I am debugging some pre-99 C code. I have a logical contradiction as
follows (btw the printf stuff is my diagnostics):

float Sum=0.0;
float N

printf("Sum before: %.15f\n", Sum);

Sum += N * Log(N); <--- this is the original line of code

printf("N: %.15f\n", N);
printf("Log(N): %.15f\n", Log(N));
printf("Product of N and Log(N): %.15f\n", N * Log(N));
printf("Sum: %.15f\n", Sum)

The results are as follows:

Sum Before: 0.000000000000000
N: 4322.00000000000000
Log(N): 12.077483366859508
Product of N and Log(N): 52198.883068346796790
Sum: 52198.882812500000000

what confuses me is the value of Sum.

When I multiply N and Log(N) by hand calculator I get:

4322 * 12.077483366859508 = 52198.883068346793576

but this value does not tally with the valaue of Sum which starts to
differ in the 3rd decimal place i.e.

52198.882812500000000
^
starts to differ here for some reason.

For the life of me I do not understand why this is occuring? That is,
why the apparent contradiction between the RHS and the LHS of the
simple line of code:

Sum += N * Log(N);

it can't be the "+=" operator can it? I've heard about round-off
error but this just stumps me.
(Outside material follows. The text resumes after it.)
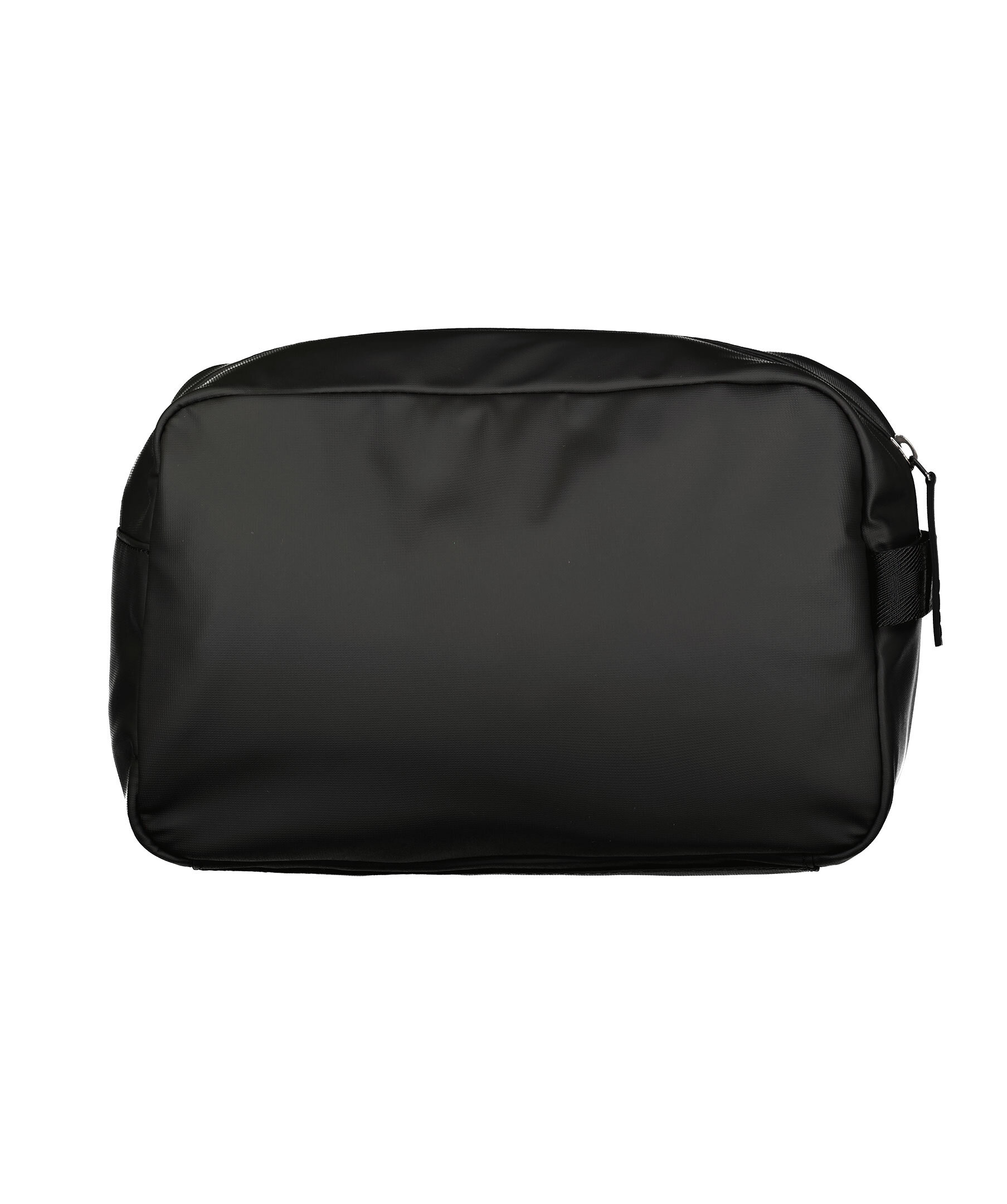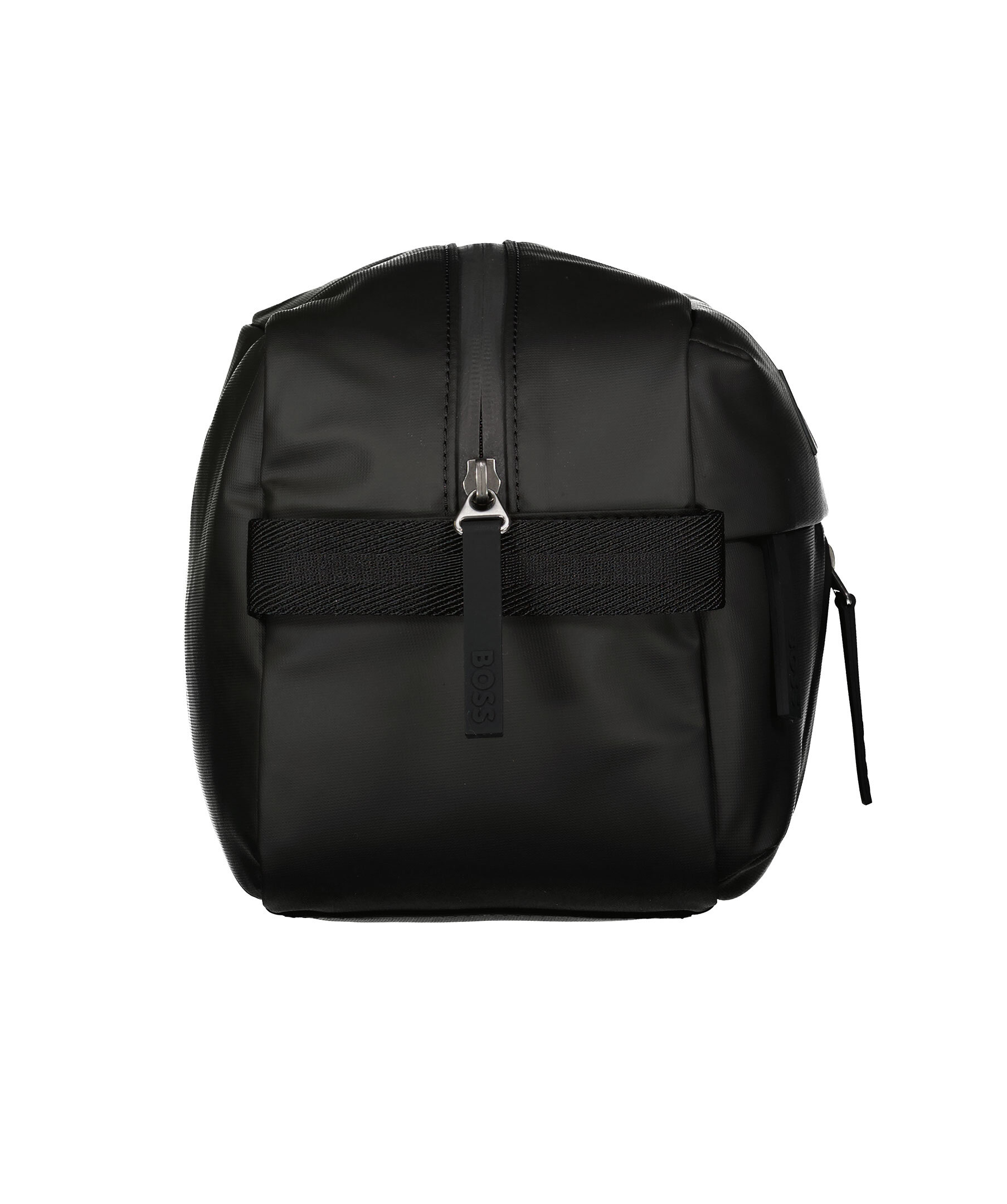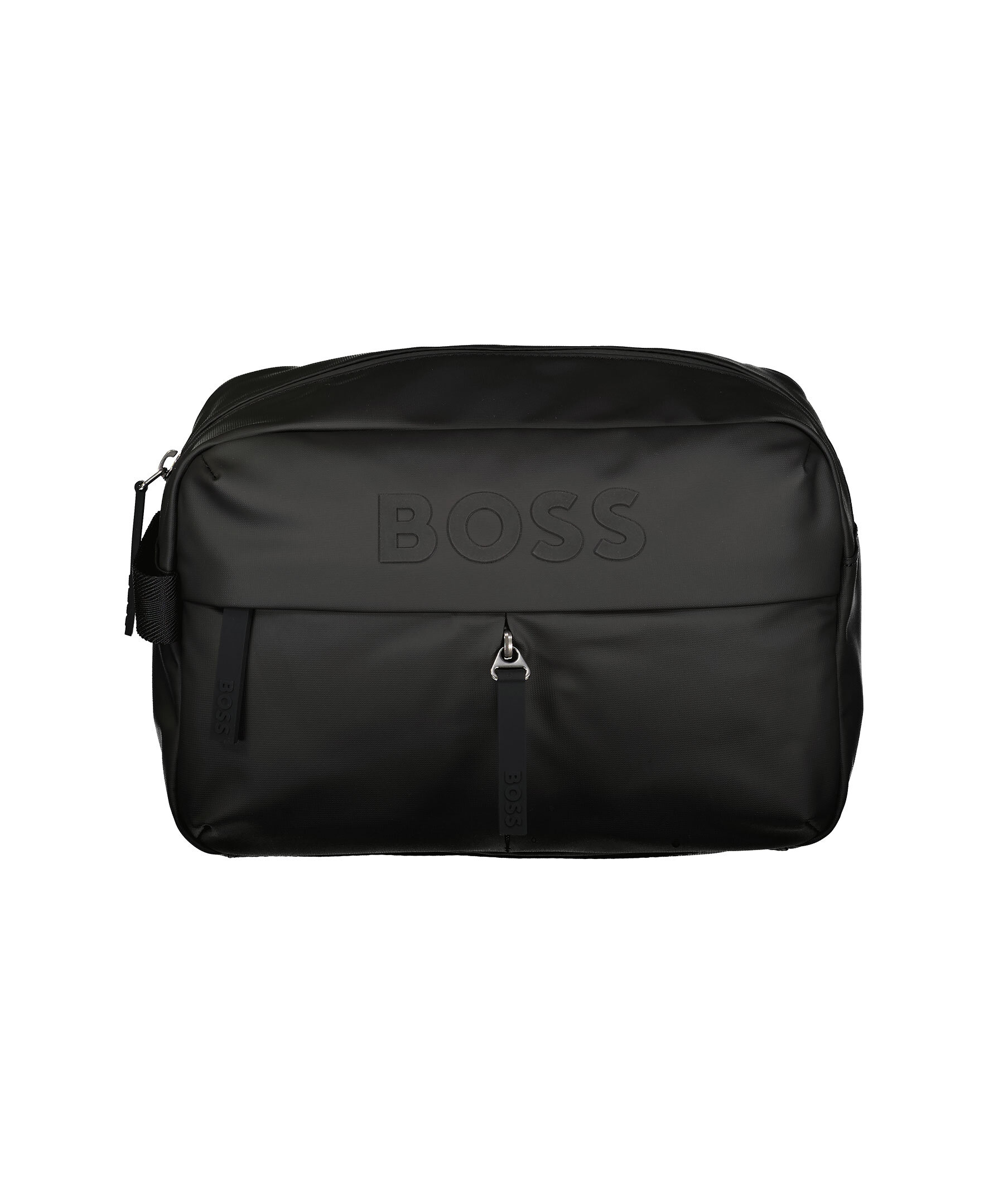 Svart necessär från Hugo Boss. Necessären har förutom blixtlås på ovansidan även två blixtlås med fack på framsidan, ena löper vågrätt längst med väskan och den mindre lodrätt ned från de större facket. Svart logotyp finns på samma sida som facken medans baksidan är slät. Sidohantag i tyg, på insidan finns ett fack. Necessären är tillverkad av polyamider och rymmer 4l.

Can anyone please help me. Would
greatly appreciate any comments/code-sampels/explanations/suggestions/
insight that you may be able to offer.
[...]

PS: Don't worry about Log(N) - just is just a macro and gets the
value: log(N) / log(2)

It would be a lot easier to help you if you posted actual code.
You've obviously re-typed the above code rather than copying and
pasting it from your actual program (note the missing semicolons on
the declaration of N and the last printf, and the fact that the
spacing of the presented output differs from what would be produced by
your printf calls). If you don't know what the problem is, then
almost by definition you don't know which part of your program we need
to see.

In any case, the problem is that the log() function returns a result
of type double, but you're storing your results in variables of type
float, discarding some of your precision. Your second and third
printf calls print double values directly; your fourth prints the
value of a float object (the value is implicitly promoted to double,
but that doesn't restore the lost precision).

It's almost always better to use double rather than float (or long
double if you need even more precision and your compiler uses a wider
representation for long double than for double). The only real reason
to use float is to save space in memory; for just a few variables, the
space saving is insignificant, and could easily be wiped out by the
increase in code size.

Keith Thompson · Mar 6, 2009

badger said:
is it the casting? i.e. double instead of float?

Is what the casting? Please quote some context when you post a
followup.

There were no casts in the article that started this thread, so no, it
isn't the casting. There were some implicit conversions between
double and float, and those are what caused the problem the original
poster was asking about. (A cast is an operator; there's no such
thing as an implicit cast. A conversion can be either explicit (i.e.,
a cast) or implicit.)

Keith Thompson · Mar 6, 2009

[email protected] said:
Thanks you both for the responses - its been an education. It worked
- I inserted the following alteration:

Sum += (float)(N * Utilities.Log(N))

which gives me the the right answer (specifically the value:
52198.8828125).

Hmm. I'm a bit surprised that adding a cast made any difference. The
value is stored in Sum, which you've declared as float, so it's going
to be narrowed from double to float anyway. The addition shouldn't
make any difference, since the previous value of Sum was 0.0.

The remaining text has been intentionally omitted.